> **TASK BRIEF**: Copy out all of the lines below exactly; the pictures do not belong in the copy.

━━ DATA BELOW

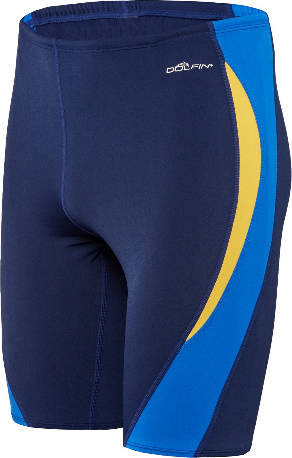 Great for practice or swim meets, the Dolfin Men's Colorblock Jammer is made of 100% polyester with a front lining for comfortable wear as you glide through the water. The colorblock design provides a great look, and the Dolfin graphic at the left hip offers a touch of style.
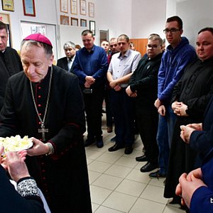 W spotkaniu uczestniczył ordynariusz Diecezji Zamojsko - Lubaczowskiej, biskup Marian Rojek. -Spotkania świąteczne, czy okołoświąteczne odbywają się zazwyczaj w gronie rodzinnym. Jest to związane z życzeniami, któe sie przekazuje ale i z dzieleniem się radością i wspólnym celebrowaniu wydarzeń religijnych. W Polsce mamy taką tradycję, że także z osobami, z którymi jesteśmy związani nie tylko więzami krwi ale wspólną pracą, nauką, działalnością, spotykamy się przy świątecznym stole. Dobrze, że pamiętamy o tych wspólnotach pośród których żyjemy. Szczególnie ważne są spotkania w gronie osób i wspólnot, które na co dzień pracują i posługują osobom szczególnie przez życie dotkniętych, mam tu na myśli osoby niepełnosprawne, niesamodzielne, zmagające się z chorobami. Te osoby są szczególnie wyczulone na miłość, na życzliwość, na uśmiech, na cierpliwość, na pokój. Będą wśród takich osób sami doświadczamy radości i pokoju oraz atencją, miłością i szacunkiem je otaczamy. To szczególnie ważne w kontekście świąt, bo przecież Chrystus przyszedł do wszystkich i każdego każe nam szanować i kochać. Osoby niepełnosprawne w sposób szczególny są wyczulone na to co najcenniejsze a więc na otwarte serce, a więc na to co w życiu najważniejsze i na to nam zwracają uwagę - podkreśla biskup Marian Rojek.
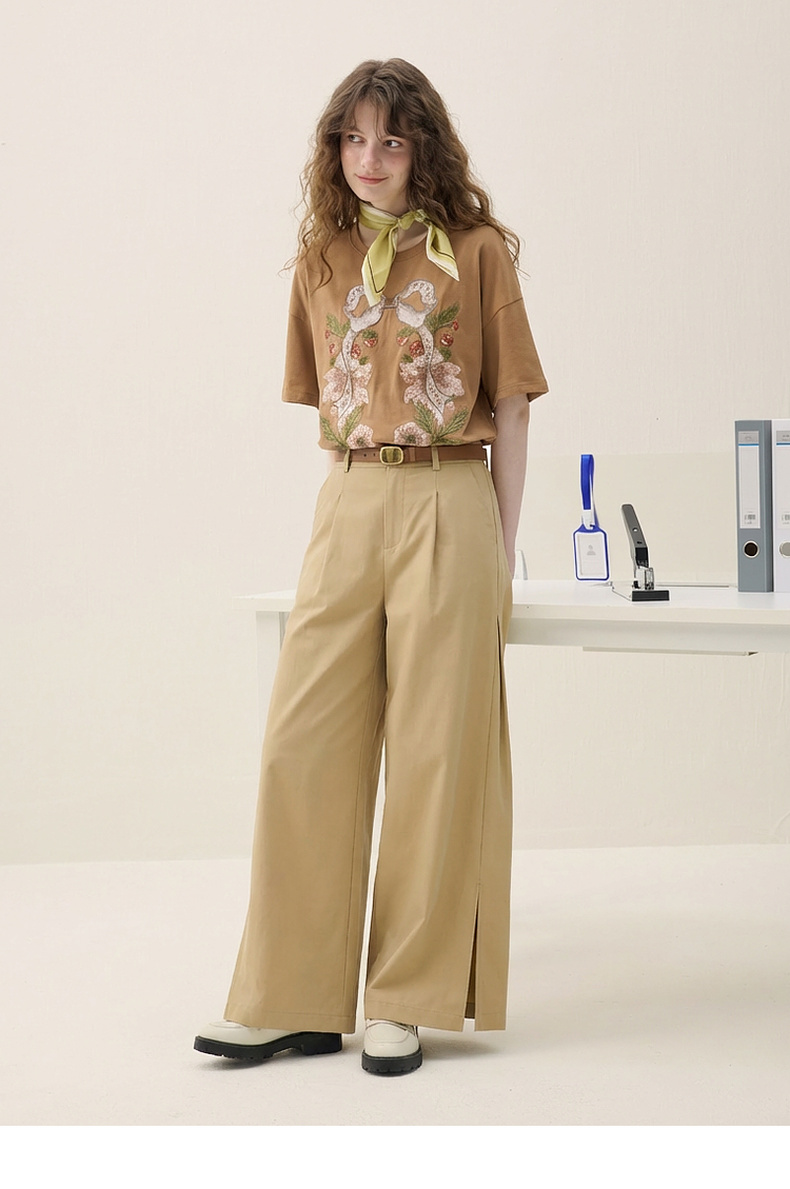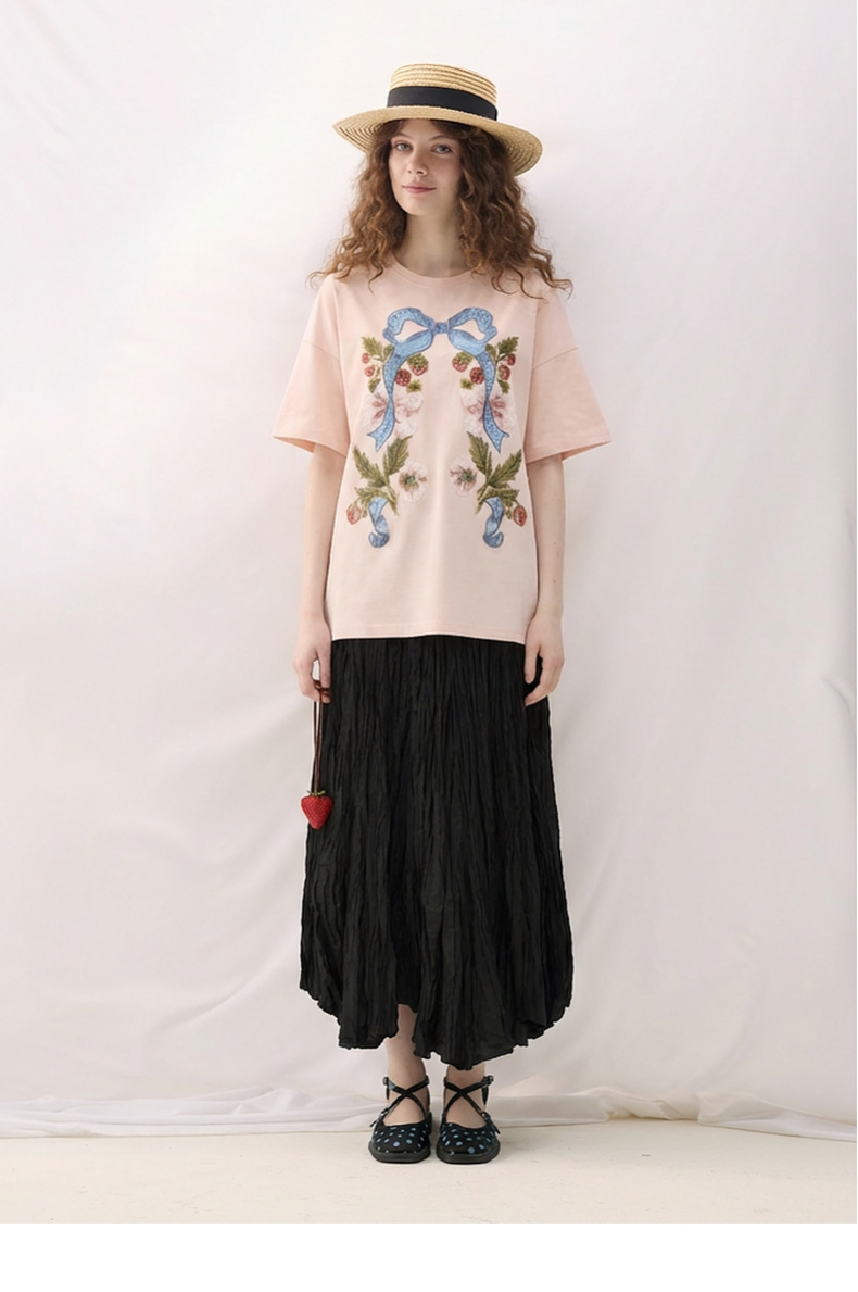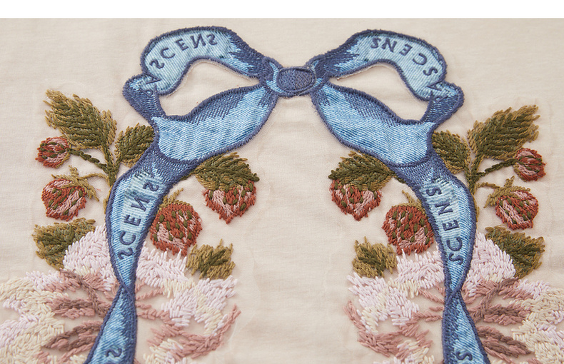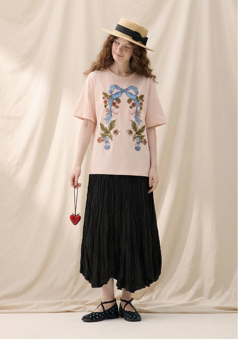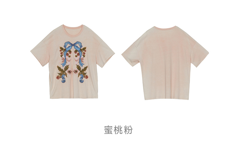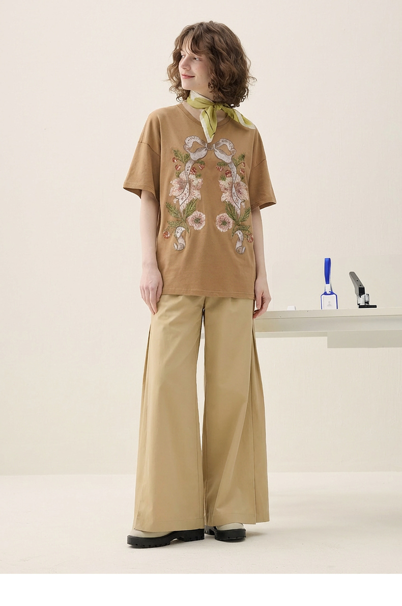 谜底大廓形T恤短袖2026春新品复古贴布绣纯棉宽松上衣女265MT5026
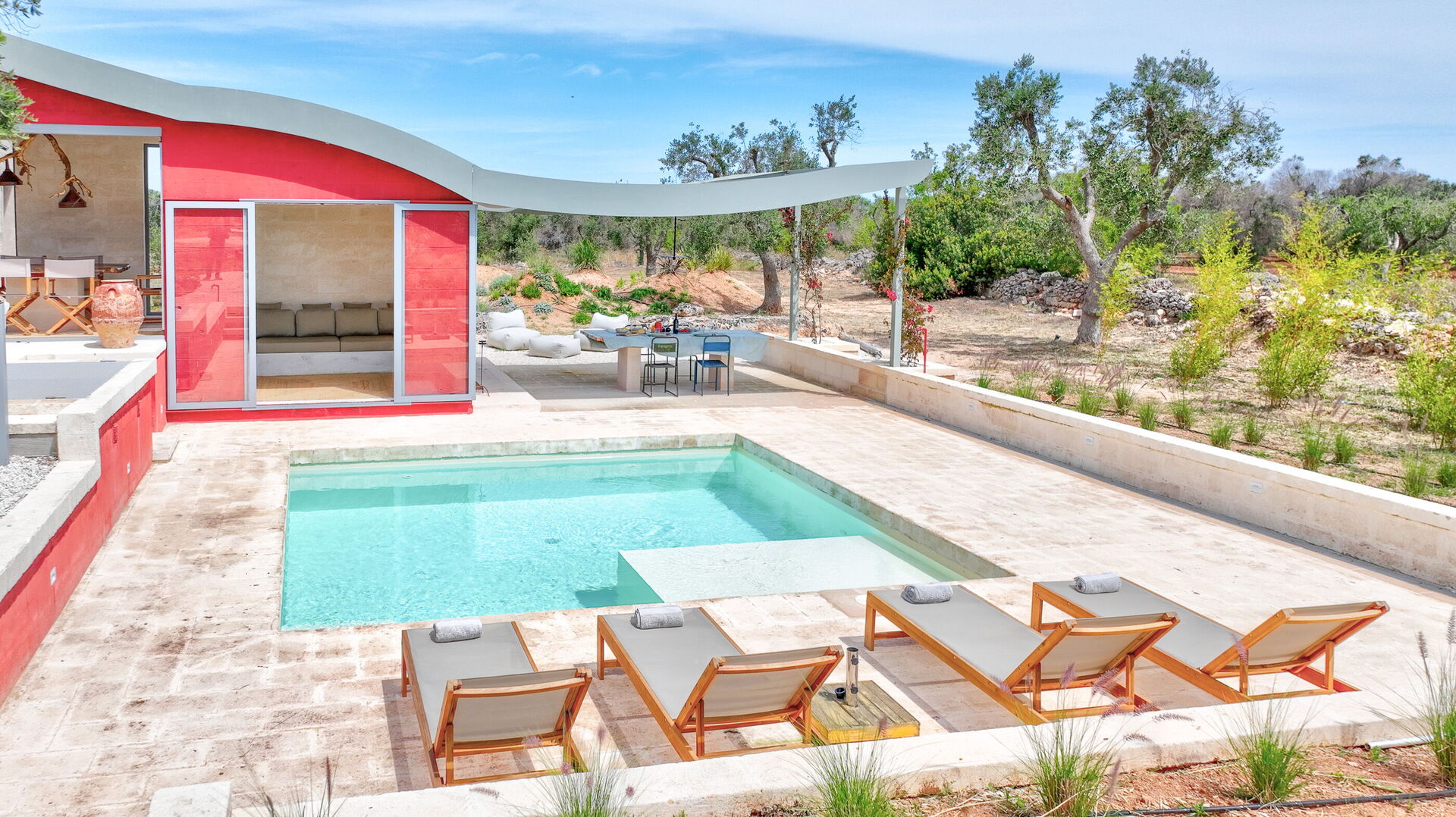 Giardino: arredamento da giardino, internet WIFI, piscina, possibilità di mangiare all'aperto, proprietà recintata, tavolo da pranzo.

━━━━

> **EXPECTED OUTPUT**:
 Great for practice or swim meets, the Dolfin Men's Colorblock Jammer is made of 100% polyester with a front lining for comfortable wear as you glide through the water. The colorblock design provides a great look, and the Dolfin graphic at the left hip offers a touch of style.
 W spotkaniu uczestniczył ordynariusz Diecezji Zamojsko - Lubaczowskiej, biskup Marian Rojek. -Spotkania świąteczne, czy okołoświąteczne odbywają się zazwyczaj w gronie rodzinnym. Jest to związane z życzeniami, któe sie przekazuje ale i z dzieleniem się radością i wspólnym celebrowaniu wydarzeń religijnych. W Polsce mamy taką tradycję, że także z osobami, z którymi jesteśmy związani nie tylko więzami krwi ale wspólną pracą, nauką, działalnością, spotykamy się przy świątecznym stole. Dobrze, że pamiętamy o tych wspólnotach pośród których żyjemy. Szczególnie ważne są spotkania w gronie osób i wspólnot, które na co dzień pracują i posługują osobom szczególnie przez życie dotkniętych, mam tu na myśli osoby niepełnosprawne, niesamodzielne, zmagające się z chorobami. Te osoby są szczególnie wyczulone na miłość, na życzliwość, na uśmiech, na cierpliwość, na pokój. Będą wśród takich osób sami doświadczamy radości i pokoju oraz atencją, miłością i szacunkiem je otaczamy. To szczególnie ważne w kontekście świąt, bo przecież Chrystus przyszedł do wszystkich i każdego każe nam szanować i kochać. Osoby niepełnosprawne w sposób szczególny są wyczulone na to co najcenniejsze a więc na otwarte serce, a więc na to co w życiu najważniejsze i na to nam zwracają uwagę - podkreśla biskup Marian Rojek.
 谜底大廓形T恤短袖2026春新品复古贴布绣纯棉宽松上衣女265MT5026
 Giardino: arredamento da giardino, internet WIFI, piscina, possibilità di mangiare all'aperto, proprietà recintata, tavolo da pranzo.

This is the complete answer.